Records from a data source
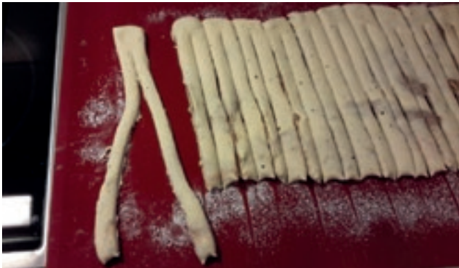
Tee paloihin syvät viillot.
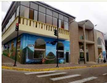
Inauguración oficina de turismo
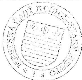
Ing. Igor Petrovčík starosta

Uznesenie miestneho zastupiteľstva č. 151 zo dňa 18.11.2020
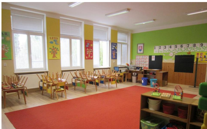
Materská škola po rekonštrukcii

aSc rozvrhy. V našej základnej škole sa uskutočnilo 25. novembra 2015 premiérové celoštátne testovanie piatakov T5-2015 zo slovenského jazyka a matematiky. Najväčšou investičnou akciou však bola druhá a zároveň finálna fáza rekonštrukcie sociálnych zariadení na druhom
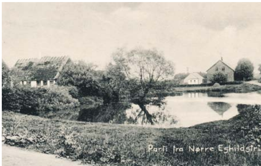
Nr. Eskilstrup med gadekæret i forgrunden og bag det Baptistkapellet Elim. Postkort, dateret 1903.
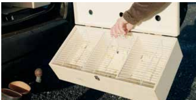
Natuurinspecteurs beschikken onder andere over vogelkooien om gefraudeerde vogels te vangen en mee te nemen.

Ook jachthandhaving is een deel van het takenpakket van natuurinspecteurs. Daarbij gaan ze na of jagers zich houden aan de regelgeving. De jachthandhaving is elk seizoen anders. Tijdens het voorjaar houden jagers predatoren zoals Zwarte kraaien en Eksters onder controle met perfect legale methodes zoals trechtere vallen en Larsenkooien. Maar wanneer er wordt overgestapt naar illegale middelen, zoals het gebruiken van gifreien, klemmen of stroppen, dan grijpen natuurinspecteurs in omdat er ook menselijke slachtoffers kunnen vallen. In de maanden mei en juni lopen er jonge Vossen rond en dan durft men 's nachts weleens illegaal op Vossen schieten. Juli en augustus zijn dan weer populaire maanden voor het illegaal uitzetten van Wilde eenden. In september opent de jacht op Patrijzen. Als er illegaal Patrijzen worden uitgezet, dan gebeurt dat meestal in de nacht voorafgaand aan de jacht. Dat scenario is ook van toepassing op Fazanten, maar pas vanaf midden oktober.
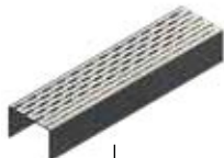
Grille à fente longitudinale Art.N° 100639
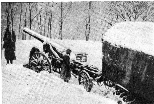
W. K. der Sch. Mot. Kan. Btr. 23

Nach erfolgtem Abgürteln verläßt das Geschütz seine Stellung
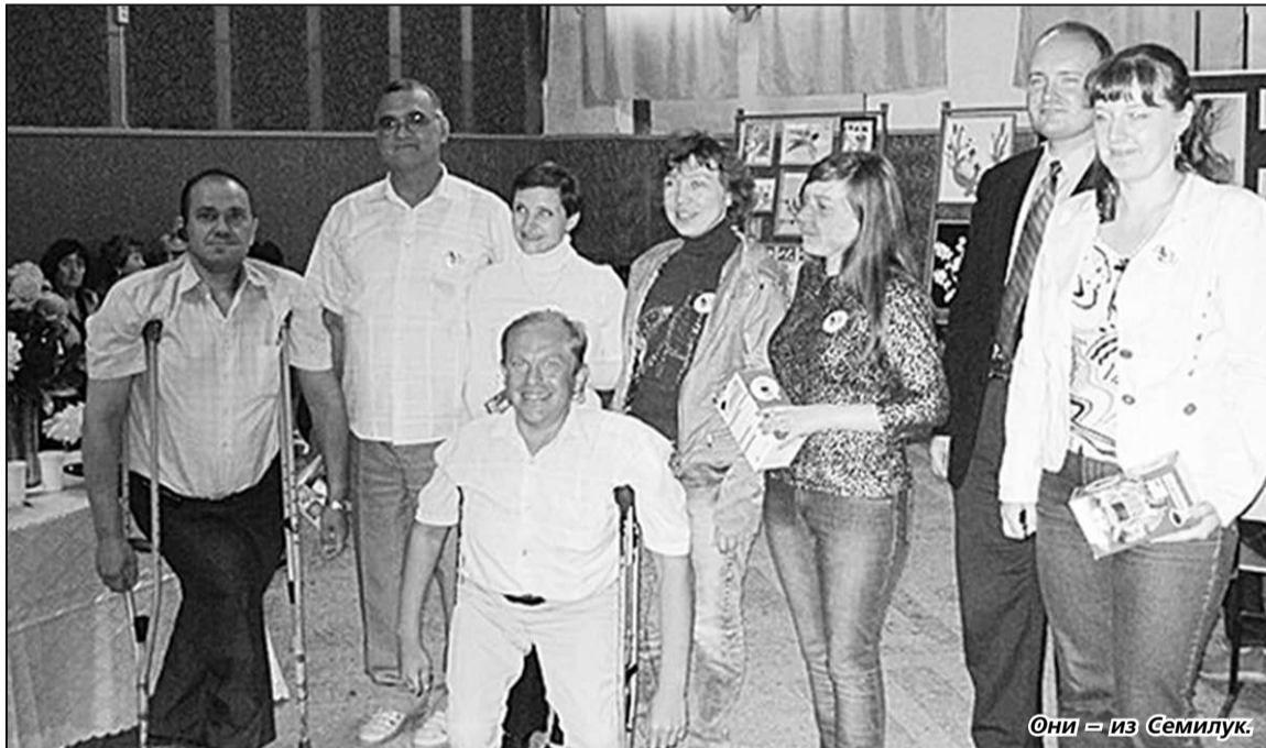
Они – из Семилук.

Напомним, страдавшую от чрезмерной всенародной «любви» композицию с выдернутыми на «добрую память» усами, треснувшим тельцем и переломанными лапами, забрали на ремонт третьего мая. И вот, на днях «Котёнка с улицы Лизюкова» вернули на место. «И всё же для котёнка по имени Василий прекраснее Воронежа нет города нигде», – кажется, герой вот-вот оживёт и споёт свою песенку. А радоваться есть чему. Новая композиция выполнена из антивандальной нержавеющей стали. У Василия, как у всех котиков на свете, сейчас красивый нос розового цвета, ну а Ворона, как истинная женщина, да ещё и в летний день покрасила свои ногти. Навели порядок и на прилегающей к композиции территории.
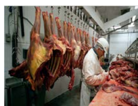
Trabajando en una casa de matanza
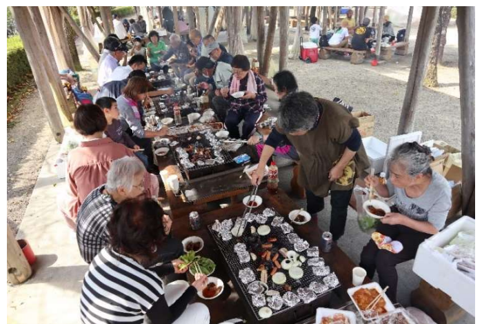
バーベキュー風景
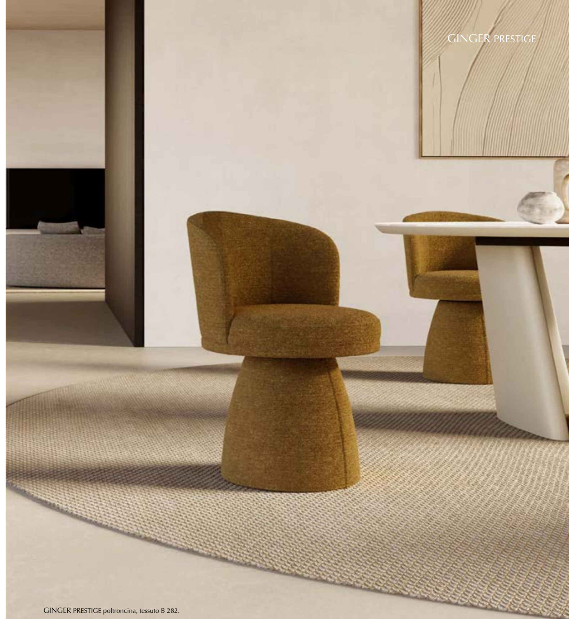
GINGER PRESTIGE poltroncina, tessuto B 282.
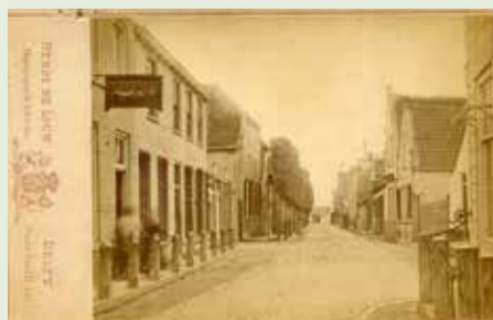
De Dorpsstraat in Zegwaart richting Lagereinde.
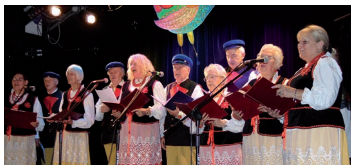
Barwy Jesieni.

---

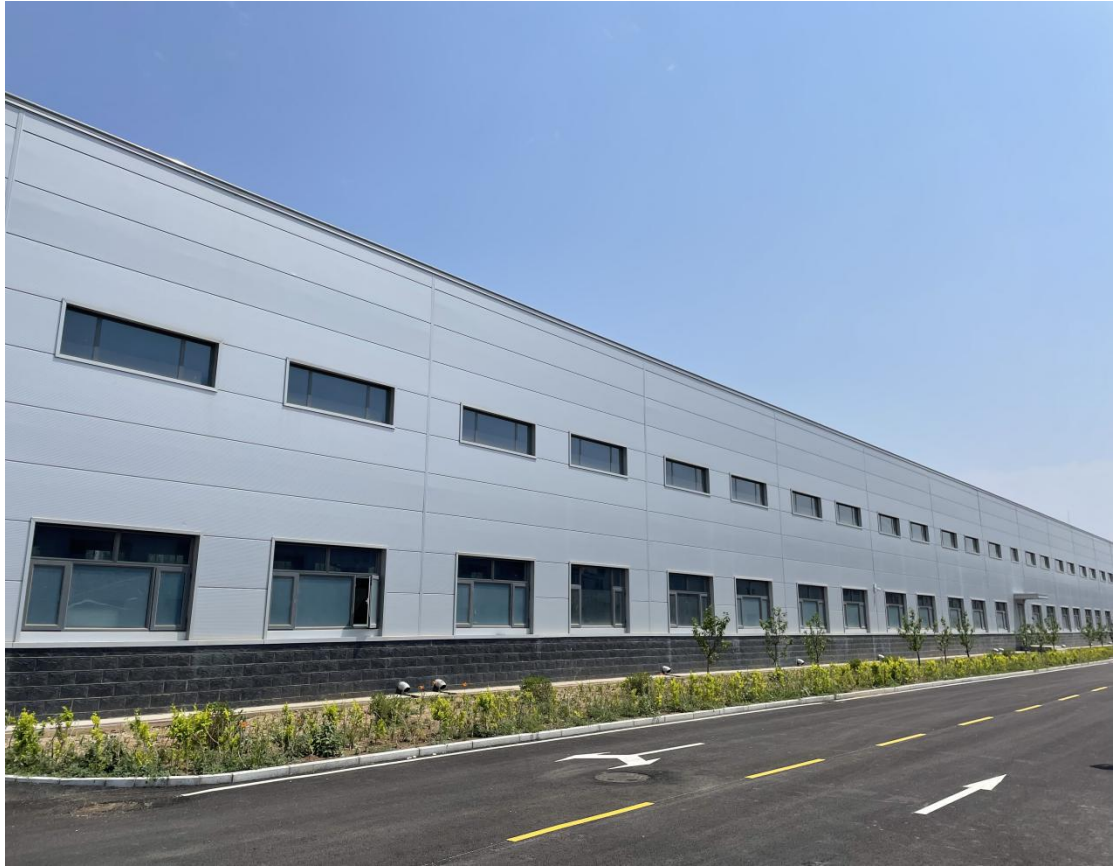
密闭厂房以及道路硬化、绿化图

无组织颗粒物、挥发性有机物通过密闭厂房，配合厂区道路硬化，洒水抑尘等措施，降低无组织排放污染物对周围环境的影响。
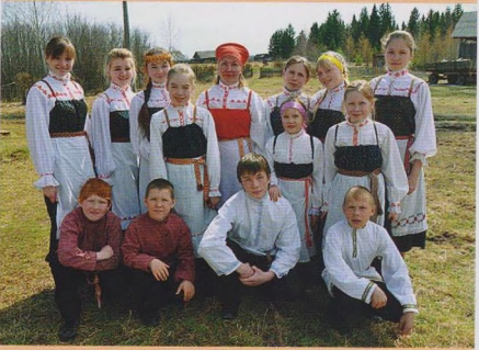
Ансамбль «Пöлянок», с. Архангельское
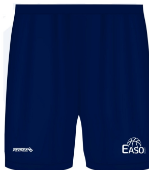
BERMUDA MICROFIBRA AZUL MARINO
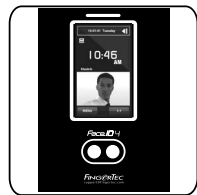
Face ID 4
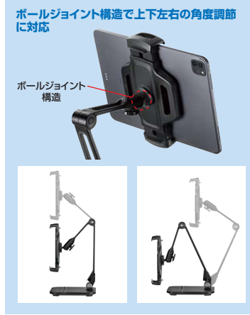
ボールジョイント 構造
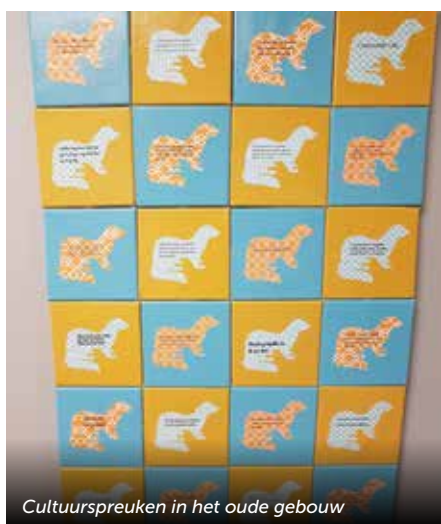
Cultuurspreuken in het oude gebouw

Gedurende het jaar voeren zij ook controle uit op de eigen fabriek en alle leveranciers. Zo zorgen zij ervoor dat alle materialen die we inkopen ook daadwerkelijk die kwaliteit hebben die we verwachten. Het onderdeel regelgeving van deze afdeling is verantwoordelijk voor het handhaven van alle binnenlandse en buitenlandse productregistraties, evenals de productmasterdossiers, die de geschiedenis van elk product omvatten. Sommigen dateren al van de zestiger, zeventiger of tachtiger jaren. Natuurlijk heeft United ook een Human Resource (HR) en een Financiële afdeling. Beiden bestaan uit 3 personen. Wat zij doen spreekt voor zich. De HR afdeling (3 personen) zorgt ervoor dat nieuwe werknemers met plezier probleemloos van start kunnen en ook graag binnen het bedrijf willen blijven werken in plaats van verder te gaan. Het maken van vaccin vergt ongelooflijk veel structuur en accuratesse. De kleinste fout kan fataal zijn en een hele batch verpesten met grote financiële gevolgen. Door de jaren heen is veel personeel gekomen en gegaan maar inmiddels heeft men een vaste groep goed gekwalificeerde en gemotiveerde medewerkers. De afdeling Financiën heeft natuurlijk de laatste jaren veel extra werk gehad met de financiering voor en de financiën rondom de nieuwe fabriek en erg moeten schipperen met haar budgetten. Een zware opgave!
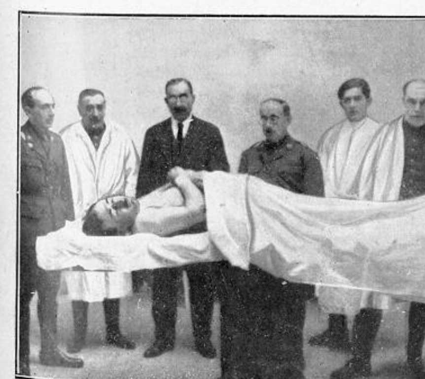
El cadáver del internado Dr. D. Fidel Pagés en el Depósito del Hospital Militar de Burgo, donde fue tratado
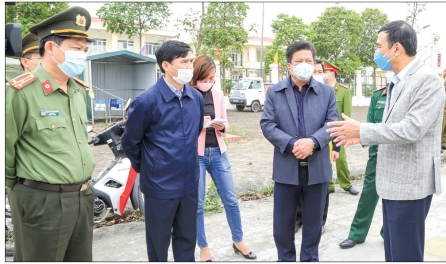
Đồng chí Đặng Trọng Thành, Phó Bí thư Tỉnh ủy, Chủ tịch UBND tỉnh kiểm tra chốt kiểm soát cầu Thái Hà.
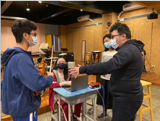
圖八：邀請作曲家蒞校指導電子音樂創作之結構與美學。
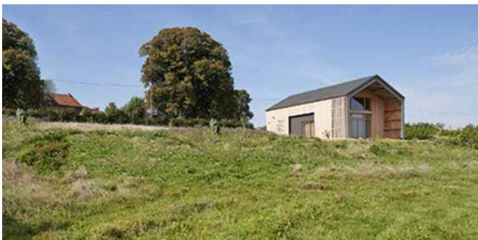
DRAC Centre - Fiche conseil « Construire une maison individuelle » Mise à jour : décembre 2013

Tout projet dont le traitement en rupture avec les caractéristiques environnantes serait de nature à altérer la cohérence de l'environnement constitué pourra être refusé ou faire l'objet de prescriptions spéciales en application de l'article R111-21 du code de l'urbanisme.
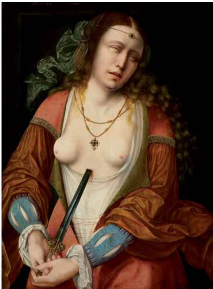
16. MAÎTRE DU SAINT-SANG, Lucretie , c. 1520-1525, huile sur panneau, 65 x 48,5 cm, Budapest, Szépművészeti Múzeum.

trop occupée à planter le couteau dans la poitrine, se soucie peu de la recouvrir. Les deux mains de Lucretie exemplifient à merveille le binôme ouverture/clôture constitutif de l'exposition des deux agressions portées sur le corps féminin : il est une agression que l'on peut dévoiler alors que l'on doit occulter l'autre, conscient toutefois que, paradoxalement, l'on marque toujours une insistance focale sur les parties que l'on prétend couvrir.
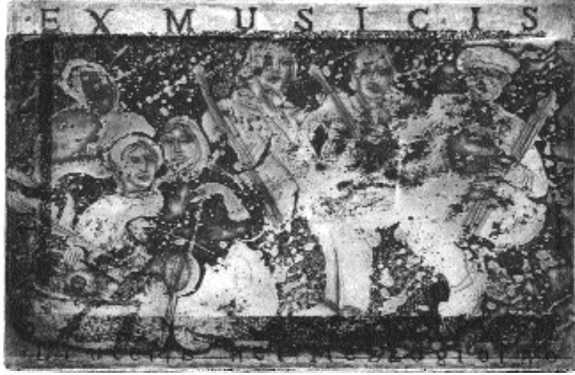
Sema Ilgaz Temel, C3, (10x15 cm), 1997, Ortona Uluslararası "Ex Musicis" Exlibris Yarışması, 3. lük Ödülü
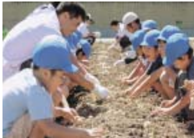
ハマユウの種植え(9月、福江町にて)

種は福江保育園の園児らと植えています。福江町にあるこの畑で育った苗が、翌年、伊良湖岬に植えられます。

...

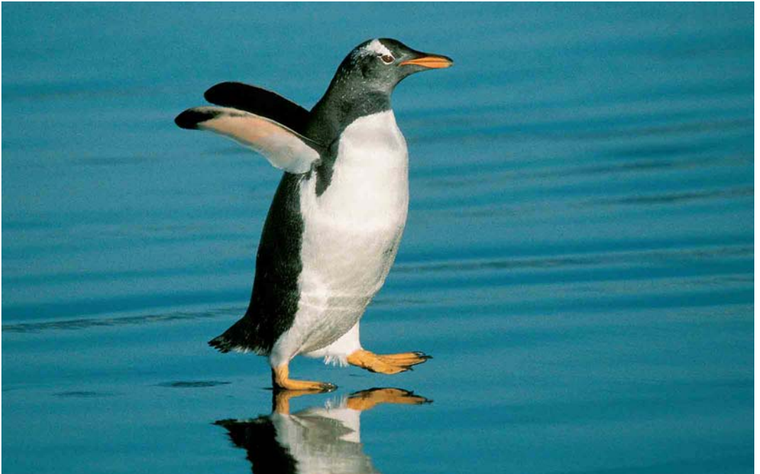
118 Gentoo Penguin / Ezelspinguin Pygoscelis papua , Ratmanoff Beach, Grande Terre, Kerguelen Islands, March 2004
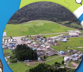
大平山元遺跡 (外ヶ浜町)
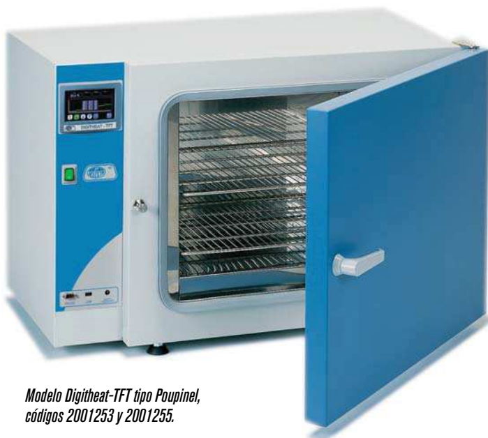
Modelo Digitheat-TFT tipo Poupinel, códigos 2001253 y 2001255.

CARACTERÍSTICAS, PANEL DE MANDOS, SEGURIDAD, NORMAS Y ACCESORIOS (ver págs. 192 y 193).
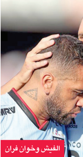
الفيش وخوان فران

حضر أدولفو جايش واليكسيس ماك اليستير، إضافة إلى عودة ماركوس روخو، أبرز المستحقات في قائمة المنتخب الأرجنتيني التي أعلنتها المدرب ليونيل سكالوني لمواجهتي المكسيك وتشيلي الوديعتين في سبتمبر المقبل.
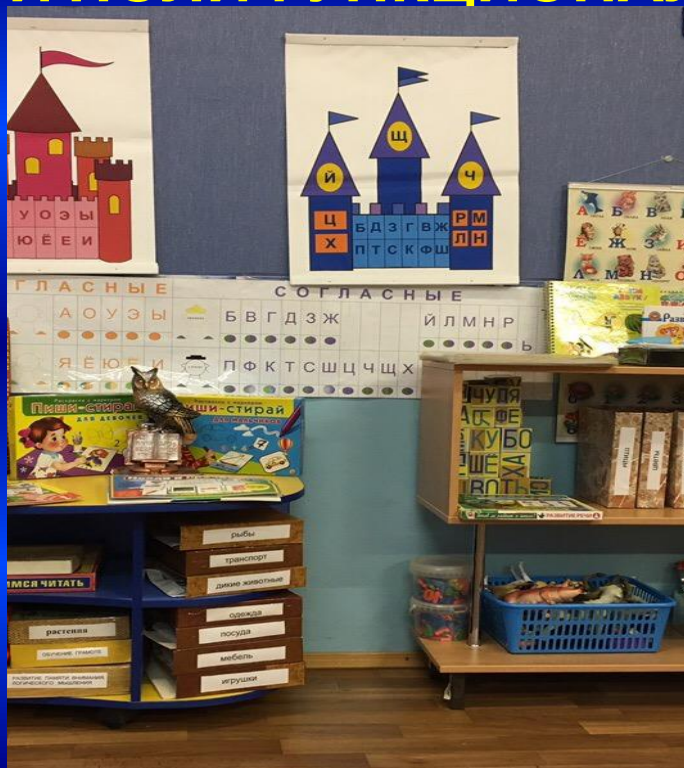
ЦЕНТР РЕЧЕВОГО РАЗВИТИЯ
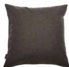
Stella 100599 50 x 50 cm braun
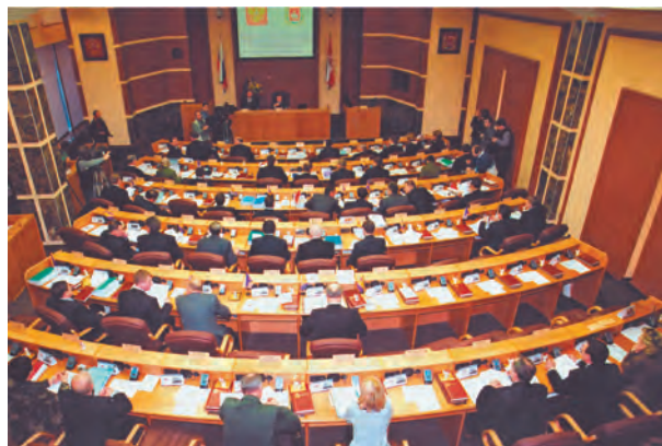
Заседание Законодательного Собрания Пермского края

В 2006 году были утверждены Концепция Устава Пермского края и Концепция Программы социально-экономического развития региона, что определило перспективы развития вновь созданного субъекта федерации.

=== WHAT IS BEING ASKED ===
Could you transcribe exactly the entries above, but only the lines from the one with "Tee paloihin syvät viillot." through the one with "Materská škola po rekonštrukcii", and without pictures?

=== OUTPUT FOR THIS TASK ===
Tee paloihin syvät viillot.
Inauguración oficina de turismo
Ing. Igor Petrovčík starosta

Uznesenie miestneho zastupiteľstva č. 151 zo dňa 18.11.2020
Materská škola po rekonštrukcii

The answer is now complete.